ウルルカが連れて行かれたその日、僕たちはホネストから待機を命じられて、二日目はほぼ自室で過ごした。それも華やかであれば良かっただろう。だが、仲間が一人欠け、その事にコールは気を落としていた。
そんな僕たちの気を紛らわそうと、食事だけは豪華なものが用意されたがとても喉を通るものではなかった。
外では、ぽつぽつと雨が降り続き、僕は雨に濡れる日本庭園を眺める。そんな中、コンコンと異質な音が聞こえて振り返った。
振り向いた先ではノエルが静かに隣の部屋のドアを閉める。
「コールは?」
「今はもう落ち着いてる。泣き疲れちゃったみたい……セイ」
「わかってる。話すよ」
僕は部屋中を見回す。囲炉裏で退屈そうにしているナガレとユキヒコ。ドアの側で静かに聞き耳を立てるノエル。そして、部屋の隅で俯いていたミコトに視線を送った。

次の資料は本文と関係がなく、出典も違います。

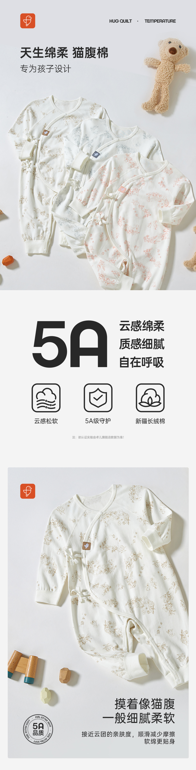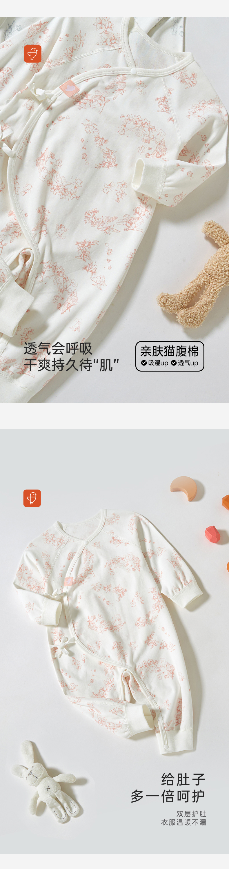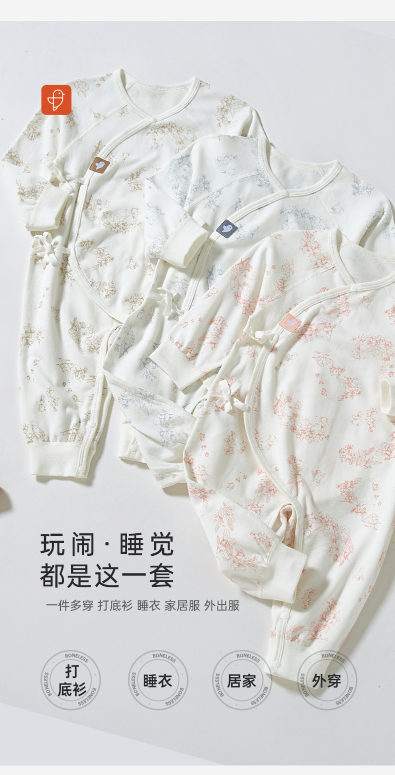 【秋季新款】7A抗菌纯棉新生儿连体衣

視線に気付いたミコトは小さく頷き、了承の意と察した僕は、今回の休暇が実はスパイの捜索も兼ねていた事、そのスパイの容疑者にウルルカが挙がっている事を皆に説明した。
その事を聞いて最初に声を上げたのはナガレだった。
「かわい娘ちゃんを疑うとかありえねぇー!!」
「はい。ややこしくなるから大人しくしてましょうね」
立ち上がるナガレをユキヒコが抑え、代わりにノエルが口を挟む。
「……それでセイはこれからどうするの?」
「どうする?」
「ウルルカを見捨てるの?」
ノエルの言葉で皆の注目が僕に集まる。僕は瞼を閉じ、少し考えた後、再び日本庭園を眺めた。
「うん。それだけど……明日からだと思う」
「明日?」
皆が首を傾げる。だが、日本庭園からは雨の音に混じって隠しきれない怒声がかすかに聞こえていた。
そう、僕の予想が正しければ、今、月光館では昨日の件で会合どころではないのだろう。
◇
そして、三日目。予想通り状況が動いた。
僕とミコトはホネストに呼ばれて月下荘の別室に入る。執務室の代わりに使っていたそこでホネストは重苦しい表情を隠さずに待ち構えていた。
「用件は言わなくてもわかるな」
「その前に、疾風さんはどこに?」
「今は席を外してもらっている。彼女も冷静ではなかった」
そう言うとミコトは、ほっ、と一息ついた。やはり昨日の事で顔を合わせづらかったのだろう。ホネストが気を遣ってくれたのだ。
けれど、ホネストの重苦しい雰囲気は変わらない。なぜなら、
「正直、厳しい状況にある」
ホネストは視線を逸らす……いや、ある方向を眺めているのか。もしかしたら、ウルルカがそこにいるのか?
「今、ウルルカは月下荘の一室に軟禁させてもらっている。だが、はっきりと言おう。このままではウルルカは《Plant hwyaden》の残党とともにギルド会館で幽閉することになる」
改めてホネストは僕たちに向き直り、言い放つ。
僕とミコトは驚かない。昨日皆に話をした時点で覚悟はしていた。ただ、それでも聞いておきたい事がある。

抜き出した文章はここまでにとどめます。